■ REQUIRED ACTION
Transcribe all the data below exactly, leaving its pictures out.

■ EXTRACTED MATERIAL
※

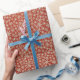 Cute, le papier-cadeau comporte des flocons de neige sur un arrière - plan rouge, ce qui le rend parfait pour les fêtes ou les anniversaires d'hiver. Une étiquette cadeau avec le même design est également disponible!
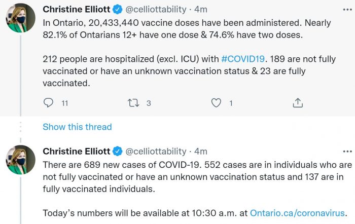 目前安省医院有212人因新冠感染住院(不包括重症监护室)。189人未完全接种或接种状况不明,23人已完全接种。
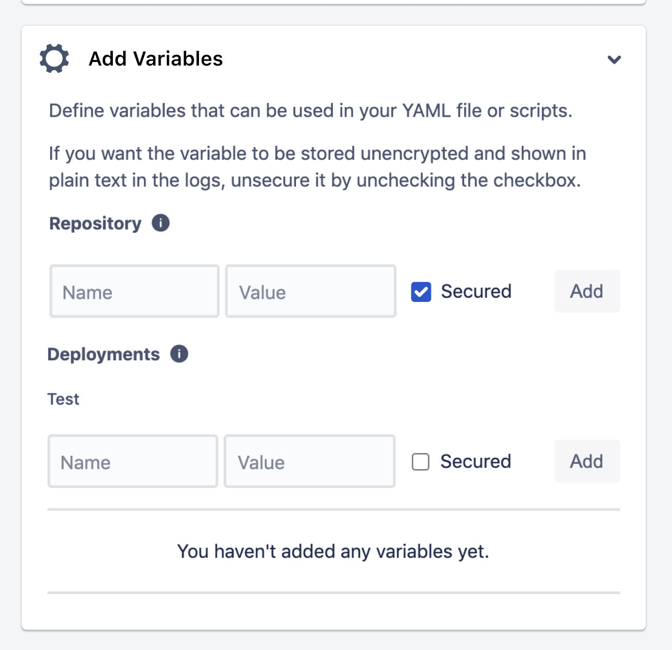 You may need to add more variables in the case where you use a 3rd party modules that require composer authentication. In the most cases you will have these keys at the auth.json file in your Magento 2 root folder. After you add a custom variables you will need to make changes to a pipeline YML File.
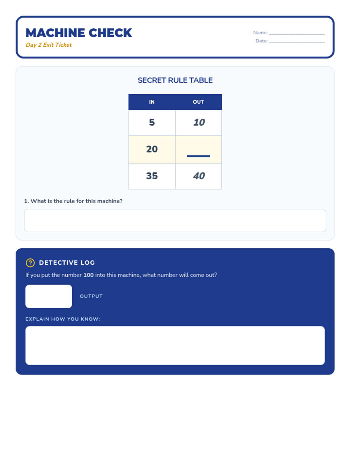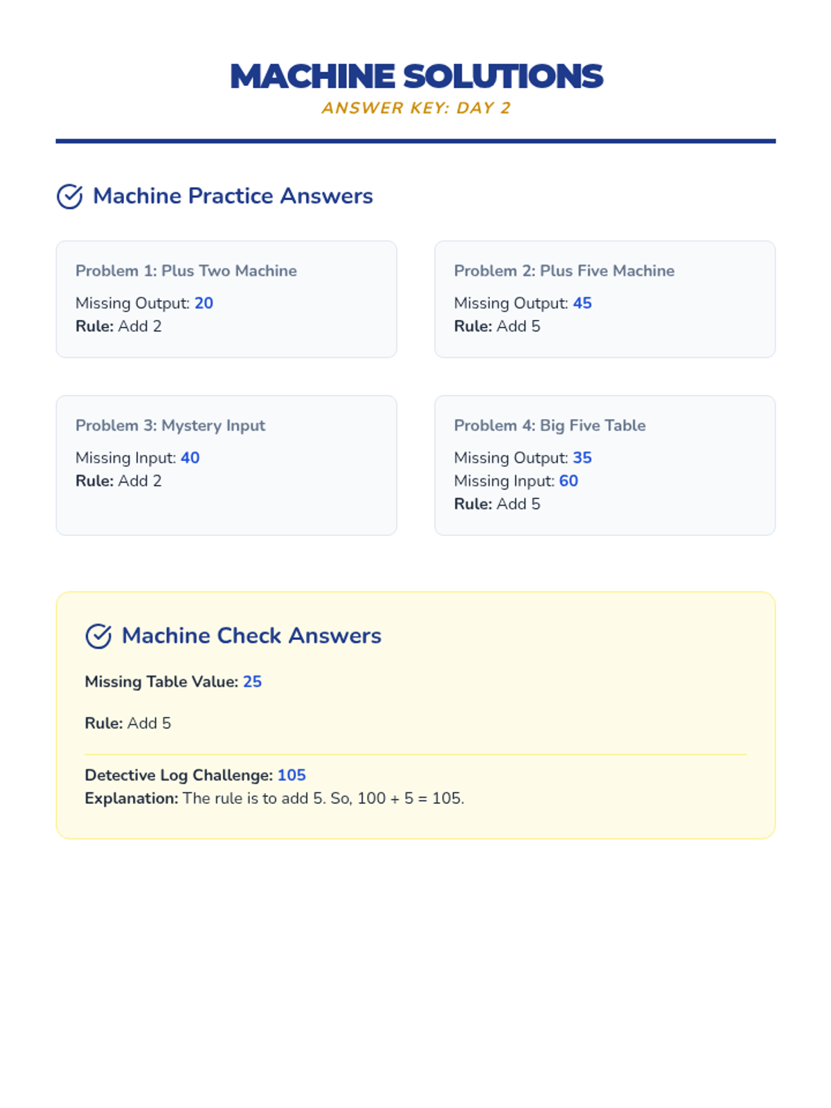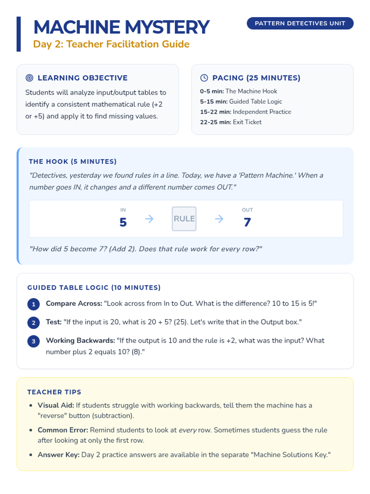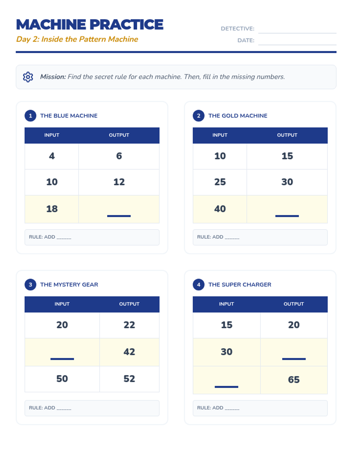 Introduces input/output tables as 'pattern machines,' teaching students to identify the operational rule and apply it to find missing values.
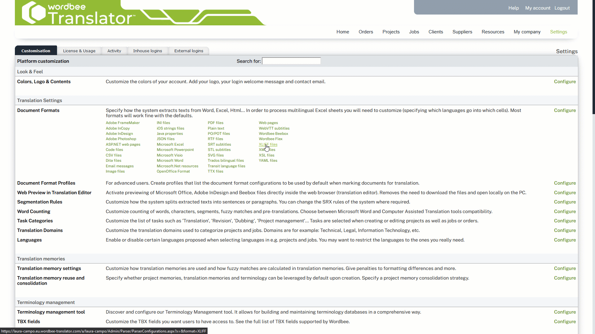 To do so, access the desired XLIFF configuration by going to Settings > Translation Settings > Document Formats and choosing the XLIFF format type.

※

■ EXPECTED ANSWER
 Cute, le papier-cadeau comporte des flocons de neige sur un arrière - plan rouge, ce qui le rend parfait pour les fêtes ou les anniversaires d'hiver. Une étiquette cadeau avec le même design est également disponible!
 目前安省医院有212人因新冠感染住院(不包括重症监护室)。189人未完全接种或接种状况不明,23人已完全接种。
 You may need to add more variables in the case where you use a 3rd party modules that require composer authentication. In the most cases you will have these keys at the auth.json file in your Magento 2 root folder. After you add a custom variables you will need to make changes to a pipeline YML File.
 Introduces input/output tables as 'pattern machines,' teaching students to identify the operational rule and apply it to find missing values.
 To do so, access the desired XLIFF configuration by going to Settings > Translation Settings > Document Formats and choosing the XLIFF format type.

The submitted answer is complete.